The subtracter 10 subtracts the actual speed from the target speed, outputs a signal corresponding to the deviation to the actuator 3 through the power amplifier 11, drives the actuator 3 to eliminate the deviation, and causes the magnetic head 2 to follow the target speed profile. position and fix it on the target track. FIG. 2 is a graph showing the relationship between each target speed profile and the actual speed for the magnetic head in the case of a long span, and FIG. 3 is a graph in the case of a short span. First, in the case of long span, it is substantially the same as the case of long span shown in FIG. A slight overshoot occurs when each state changes, but the actual speed catches up with this during the process of decelerating the target speed, and after that, it follows the target speed and stops. In addition, in the case of a short span, as shown in Fig. 3, the initial speed of the target speed V2 is lower than in the case shown in Fig. 6, and the time required to reach the positioning stop is slightly longer, resulting in an overall deceleration process. The gradient at is set small, and the actual speed overshoots when it reaches the target speed, as shown by the broken line, but it is then able to follow the target speed before the target speed reaches zero. .

In the above-described embodiment, a case has been described in which the seek bang is divided into a long span region and a short span region, and target speed profiles for each are determined in advance and stored in the storage unit 8, but the seek bang is not limited to this. The bread may be further divided into narrower regions and a target speed profile may be set for each region.

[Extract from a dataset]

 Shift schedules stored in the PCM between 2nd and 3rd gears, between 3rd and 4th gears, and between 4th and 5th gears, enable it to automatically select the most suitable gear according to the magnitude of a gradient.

Furthermore, in the above-described embodiment, the configuration in which the target profile is determined in advance and stored in the storage unit 8 has been described, but the target speed profile corresponding to the seek span is sequentially determined based on the correspondence relationship between the seek span and the target speed profile. Of course, it may be outputted to the subtracter 10 via the D/A converter 9.

Furthermore, in the above embodiment, the target speed profile is set separately for a constant speed process and a constant rate deceleration process, but the target speed profile is not limited to this, and the target speed is such that the magnetic head 2 can be positioned and stopped as quickly and accurately as possible. The patterns in between are not particularly limited. [Effects of the Invention] As described above, in the device of the present invention, a target speed profile corresponding to the seek distance is determined and the actual speed of the head is controlled to match this profile, so that inconveniences such as head positioning failure can be prevented. The present invention has excellent effects such as significantly improving reliability.

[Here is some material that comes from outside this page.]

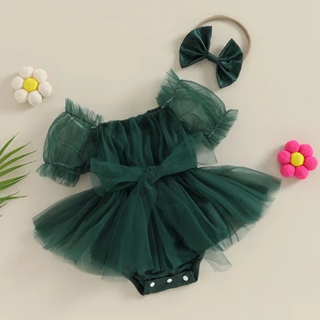 Baby Girls Summer Casual Romper Dress Short Sleeve Bow Tulle Romper with Headband

[Brief explanation of drawings]

FIG. 1 is a block diagram showing the head positioning control system in the device of the present invention, FIGS. 2 and 3 are graphs showing the relationship between the target speed profile and the actual speed in the device of the present invention, and FIG.
The figure is a block diagram showing a head positioning control system in a conventional device, and FIGS. 5 and 6 are graphs showing the relationship between the target speed profile and actual speed in the conventional device. 1...Magnetic disk 2...Magnetic head 3...
Actuator 4...Position detecting section 5...Trunk passage detecting section 6...Speed detecting section 7...Microprocessor 8...Storage section 10...Subtractor
In the figures, the same symbols indicate the same or equivalent parts.

Claims (1)

[Claims] (1) In a disk device that detects the actual seek speed of the head and controls the actuator of the head so as to follow a predetermined target speed profile, the relative number of seek tracks is detected and the relative seek track number and the target speed profile are determined. A disk device characterized in that a target speed profile corresponding to a detected relative seek track number is determined based on a predetermined correspondence with a speed profile, and control is performed so that an actual seek speed follows the target speed profile.